Coffee for the soul

February 19, 2018 12:48 pm | Updated 12:48 pm IST

It is 4 a.m. The moon is visible from my bedroom window, a faint crescent hopscotching between clouds and trees. I tear myself out of bed and stagger to the kitchen. Lady Mo (short for Lady Mohawk, a white cat with a black patch on her head), hoping for a spot of breakfast, is blatantly ignored, as I rummage through the shelves looking for a cup, spoon and saucepan. Milk is extracted from the recesses of the refrigerator and warmed on one burner, while warm water bubbles on the other. Miss Mo looks disgruntled and nips my bare legs. I ignore her. She glares and stalks angrily around the kitchen, tail bristling with exasperation.

But until the milk is poured in (stopping slightly before it turns café au lait) and I take my first sip, I am Oscar the Grouch. And Lady Mo, who has known me for over five years, is very aware of that. Like TS Eliot’s Alfred Prufrock who, “measured out my life with coffee spoons,” I moderate my moods with them. And yes, coffee is to me what opium was to Coleridge: I need a hard knock of it to write.

So it was with a sense of great trepidation that I read that coffee may soon come with a cancer warning in California. Under Proposition 65, The Safe Drinking Water and Toxic Enforcement Act of 1986, the state is supposed to regularly publish and update a list of chemicals that are found to cause cancer, birth defects, or negatively impact reproductive health. Acrylamide, produced when food is cooked at a very high temperature (including roasting of beans), is on that list. It was this chemical that put coffee on the World Health Organization’s list of carcinogens for nearly 25 years, before they reversed the warning in 2016, to declare that there was no conclusive evidence against coffee (though they did mention that all “very hot drinks” are capable of causing cancer).

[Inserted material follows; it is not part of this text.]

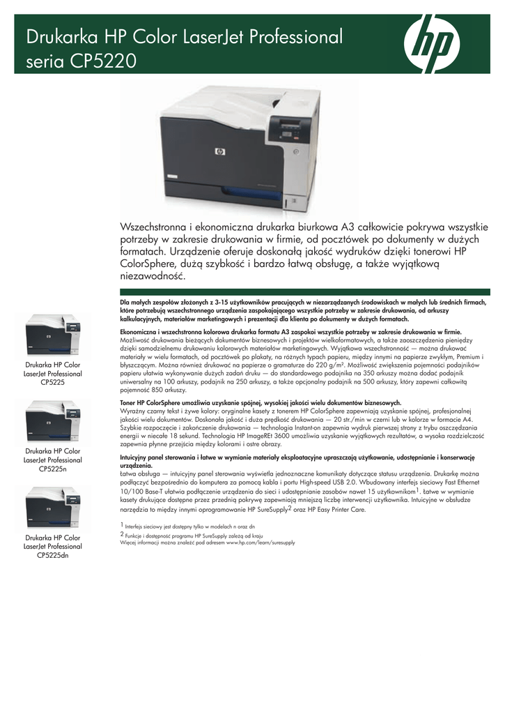 Drukarka HP Color LaserJet Professional seria CP5220 Wszechstronna i ekonomiczna drukarka biurkowa A3 całkowicie pokrywa wszystkie potrzeby w zakresie drukowania w firmie, od pocztówek po dokumenty w dużych formatach. Urządzenie oferuje doskonałą jakość wydruków dzięki tonerowi HP ColorSphere, dużą szybkość i bardzo łatwą obsługę, a także wyjątkową niezawodność. Dla małych zespołów złożonych z 3-15 użytkowników pracujących w niezarządzanych środowiskach w małych lub średnich firmach, które potrzebują wszechstronnego urządzenia zaspokajającego wszystkie potrzeby w zakresie drukowania, od arkuszy kalkulacyjnych, materiałów marketingowych i prezentacji dla klienta po dokumenty w dużych formatach. Drukarka HP Color LaserJet Professional CP5225 Drukarka HP Color LaserJet Professional CP5225n Ekonomiczna i wszechstronna kolorowa drukarka formatu A3 zaspokoi wszystkie potrzeby w zakresie drukowania w firmie. Możliwość drukowania bieżących dokumentów biznesowych i projektów wielkoformatowych, a także zaoszczędzenia pieniędzy dzięki samodzielnemu drukowaniu kolorowych materiałów marketingowych. Wyjątkowa wszechstronność — można drukować materiały w wielu formatach, od pocztówek po plakaty, na różnych typach papieru, między innymi na papierze zwykłym, Premium i błyszczącym. Można również drukować na papierze o gramaturze do 220 g/m². Możliwość zwiększenia pojemności podajników papieru ułatwia wykonywanie dużych zadań druku — do standardowego podajnika na 350 arkuszy można dodać podajnik uniwersalny na 100 arkuszy, podajnik na 250 arkuszy, a także opcjonalny podajnik na 500 arkuszy, który zapewni całkowitą pojemność 850 arkuszy. Toner HP ColorSphere umożliwia uzyskanie spójnej, wysokiej jakości wielu dokumentów biznesowych. Wyraźny czarny tekst i żywe kolory: oryginalne kasety z tonerem HP ColorSphere zapewniają uzyskanie spójnej, profesjonalnej jakości wielu dokumentów. Doskonała jakość i duża prędkość drukowania — 20 str./min w czerni lub w kolorze w formacie A4. Szybkie rozpoczęcie i zakończenie drukowania — technologia Instant-on zapewnia wydruk pierwszej strony z trybu oszczędzania energii w niecałe 18 sekund. Technologia HP ImageREt 3600 umożliwia uzyskanie wyjątkowych rezultatów, a wysoka rozdzielczość zapewnia płynne przejścia między kolorami i ostre obrazy. Intuicyjny panel sterowania i łatwe w wymianie materiały eksploatacyjne upraszczają użytkowanie, udostępnianie i konserwację urządzenia. Łatwa obsługa — intuicyjny panel sterowania wyświetla jednoznaczne komunikaty dotyczące statusu urządzenia. Drukarkę można podłączyć bezpośrednio do komputera za pomocą kabla i portu High-speed USB 2.0. Wbudowany interfejs sieciowy Fast Ethernet 10/100 Base-T ułatwia podłączenie urządzenia do sieci i udostępnianie zasobów nawet 15 użytkownikom1. Łatwe w wymianie kasety drukujące dostępne przez przednią pokrywę zapewniają mniejszą liczbę interwencji użytkownika. Intuicyjne w obsłudze narzędzia to między innymi oprogramowanie HP SureSupply2 oraz HP Easy Printer Care. 1 Interfejs sieciowy jest dostępny tylko w modelach n oraz dn Drukarka HP Color LaserJet Professional CP5225dn 2 Funkcje i dostępność programu HP SureSupply zależą od kraju Więcej informacji można znaleźć pod adresem www.hp.com/learn/suresupply Przegląd produktu Drukarka HP Color LaserJet Professional CP5225dn 1. Odbiornik na 250 arkuszy 2. Bezpośredni dostęp do łatwych w instalacji kaset z tonerem 3. Po d a j n i k 2 n a 250 a r ku sz y z sys t e m e m wspomagającym zamykanie 4. Intuicyjny panel sterowania z 2-wierszowym wyświetlaczem LCD 5. Podajnik uniwersalny na 100 ark. z listwą przedłużającą do papieru wstęgowego (długiego) obsługuje różne typy papierów specjalnych 6. Podświetlany włącznik na przedniej pokrywie 7. Pamięć 192 MB z możliwością rozbudowy do 448 MB oraz procesor 540 MHz 8. Wbudowany interfejs sieciowy Fast Ethernet 10/100 Base -T z obsługą IPv4/IPv6 umożliwia łatwe udostępnianie drukarki maksymalnie 15 osobom 9. Port USB 2.0 Hi-Speed do bezpośredniego połączenia z drukarką 10. Jednoprzebiegowy mechanizm druku zapewnia niezawodną, wysoką jakość druku 11. Wbudowany automatyczny druk dwustronny Krótka charakterystyka Drukarka HP Color LaserJet Professional CP5225 Drukarka HP Color LaserJet Professional CP5225n ● Prędkość drukowania do 20 str./min w czerni i w ● Jak w modelu podstawowym oraz wbudowany kolorze interfejs sieciowy Fast Ethernet 10/100 Base-T ● technologia ImageREt 3600 ● efektywna rozdzielczość wyjściowa 600 x 600 dpi ● 192 MB pamięci z możliwością rozszerzenia do 448 MB za pośrednictwem wolnego gniazda DDR2 DIMM ● procesor 540 MHz ● standardowa pojemność podajników 350 arkuszy oraz jeden podajnik uniwersalny na 100 arkuszy (nr 1) ● podajnik na 250 arkuszy (nr 2) oraz opcjonalny podajnik na 500 arkuszy (nr 3) Drukarka HP Color LaserJet Professional CP5225dn ● Jak w modelu podstawowym oraz moduł automatycznego druku dwustronnego i wbudowany interfejs sieciowy Fast Ethernet 10/100 Base-T Zalecane akcesoria CE860A Podajnik papieru na 500 arkuszy dla drukarek HP Color Laserjet Łatwy do zainstalowania podajnik papieru zwiększa wydajność pracy i umożliwia drukowanie większej liczby stron bez konieczności ponownego ładowania papieru. Pozwala również załadować dwa różne rodzaje papieru jednocześnie. CB421A Pamięć HP DDR2 64 MB (144-pinowy moduł DIMM) Dodatkowe moduły pamięci HP usprawniają przepływ danych, co zwiększa wydajność druku złożonych dokumentów. CB422A Pamięć HP DDR2 128 MB (144-pinowy moduł DIMM) Dodatkowe moduły pamięci HP usprawniają przepływ danych, co zwiększa wydajność druku złożonych dokumentów. CB423A Pamięć HP DDR2 256 MB (144-pinowy moduł DIMM) Dodatkowe moduły pamięci HP usprawniają przepływ danych, co zwięk

Going by the flurry of activity on the internet, coffee appears to have split the fitness world right in the middle. There are those that swear by it, declaring that it has fat-burning properties, increases performance and focus during workouts and is chock-full of antioxidants that technically lower cancer risk.

The other side has plenty to say too, and they would not be incorrect. Coffee does cause insomnia and acidity; it can be highly addictive; it does turn on the stress hormones. There is a flood of ‘I gave up coffee and this is what happened’ articles on the internet, which claim that abstinence offered many benefits, including better sleep, nicer skin and weight loss (stress makes you fat, but that is another story).

I’ll be honest — I’m addicted to the stuff and I know it. But too much has already been sacrificed on the altar of better health over the last 18-odd years, and I simply refuse to make one more. I simply can’t think of a life without perfectly brewed espresso, well-made filter coffee, a cappuccino topped by foam (and minus hearts and faces, please) and the odd frappé (hold the ice cream and syrup).

As Jerry Seinfeld once said, “We want to do a lot of stuff; we’re not in great shape. We didn’t get a good night’s sleep. We’re a little depressed. Coffee solves all these problems in one delightful little cup.”

I rest my case.

Disclaimer: Two cups of coffee have gone into the writing of this column.